Before I was sentenced to 30 years in prison for possessing and growing marijuana, I was very politically active. I was so involved in the political process that I was elected as a state representative in the 2012 presidential election. This was after my arrest, but before my conviction, so I still have the right to vote.
While in prison, I was stripped of my right to vote, and I still can’t vote while on parole. Once I complete my parole, I can go through the cumbersome process of filing a petition to have my voting rights restored.
When it comes to felon voting, rules vary by state. The vast majority of states do not allow you to vote in prison. Maine and Vermont are the exceptions.
I am very interested in this topic, after studying The History Behind National Voting Laws For felons, most states still accept voting restrictions on criminals.
While our society is evolving, it is still permissible to discriminate against felons because they believe their opinions don’t matter or are somehow dangerous to the electoral process even after serving their sentence.
This blog post will cover:
- Why prisoners should be allowed to vote
- why prisoners can’t vote
- Can I vote after getting out of prison?
Why prisoners should be allowed to vote
The idea of prisoners voting may seem crazy, but it’s actually many constitutional virtues.
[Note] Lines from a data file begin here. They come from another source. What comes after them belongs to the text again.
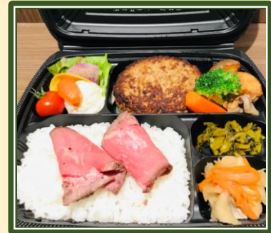
洋の料理長社のローストビーフ&手ごねハンバーグ弁当 ¥2,500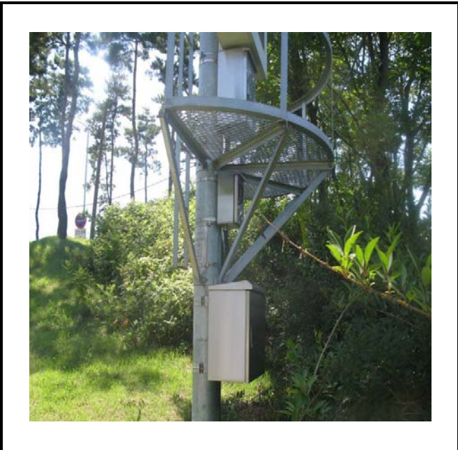
공사설명 15. 방류예경보 제3국 합체설치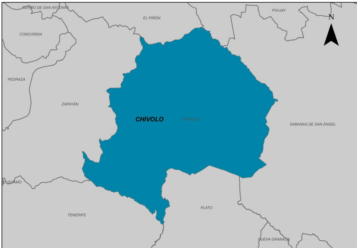
Ilustración 2. Municipio de Chivolo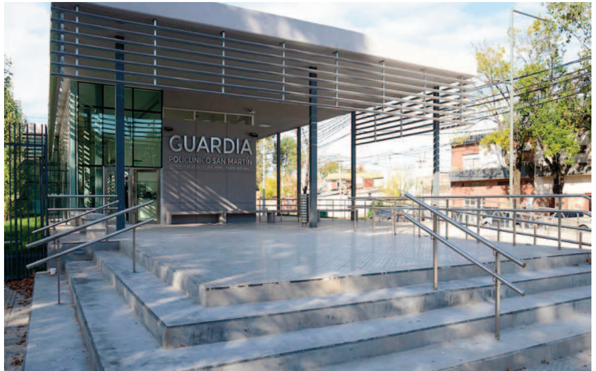
El sujeto fue trasladado al Policlínico San Martín.

Las actuaciones judiciales están a cargo de la Comisaría 32ª.

Denying prisoners the right to vote violates an ideal that was so important to our founders—the concept of self-government.
Since 1970, the War on Drugs has swelled the prison population and caused tens of millions of felons to live inside and outside America’s prison walls. These people experience the scary world of the criminal justice system and the prison system in ways that most citizens don’t understand, and the best way to address these issues is to involve prisoners and felons in political debates.
When our society tells prisoners and felons that they cannot vote, they are saying that prisoners are not citizens of this country. A long time ago, there was a concept of “citizen death”, which means that once a crime is committed, all rights will be deprived once it is imprisoned.
That has changed in recent decades thanks to the Supreme Court. Prisoners have the right to freedom of religion and speech, and the court has also ruled that deprivation of citizenship cannot be punished for crimes.
As Justice Earl Warren wrote in the 1958 case Tropp v Dulles: “Citizenship is not a right voided by wrongdoing.”
Currently, more than 2 million people are incarcerated in prisons and detention centers across the United States. And, as Corey Brettschneider, a professor of political science at Brown University, points out, disempowering prisoners creates a class of people who are still bound by American law but who have no say in how they are governed. It is essentially a tax without representation.
Not allowing prisoners to vote also created a caste system. In states where most prisoners cannot vote, they are still counted in the population. This determines a state’s number of delegates and presidential electoral votes. The NAACP called this “prison-based gerrymandering,” much like the infamous three-fifths clause in the Constitution.
Critics say that if prisoners are allowed to vote, they are, in effect, letting prisoners run shelters. However, voting by prisoners not only allows them to help themselves, but also allows the prison system itself to help itself.
Prisoners know more than anyone about issues such as prisoner abuse, inhumane living conditions, overcrowding, solitary confinement, and substandard health care. Under our current system, it will take years of litigation to end this abuse.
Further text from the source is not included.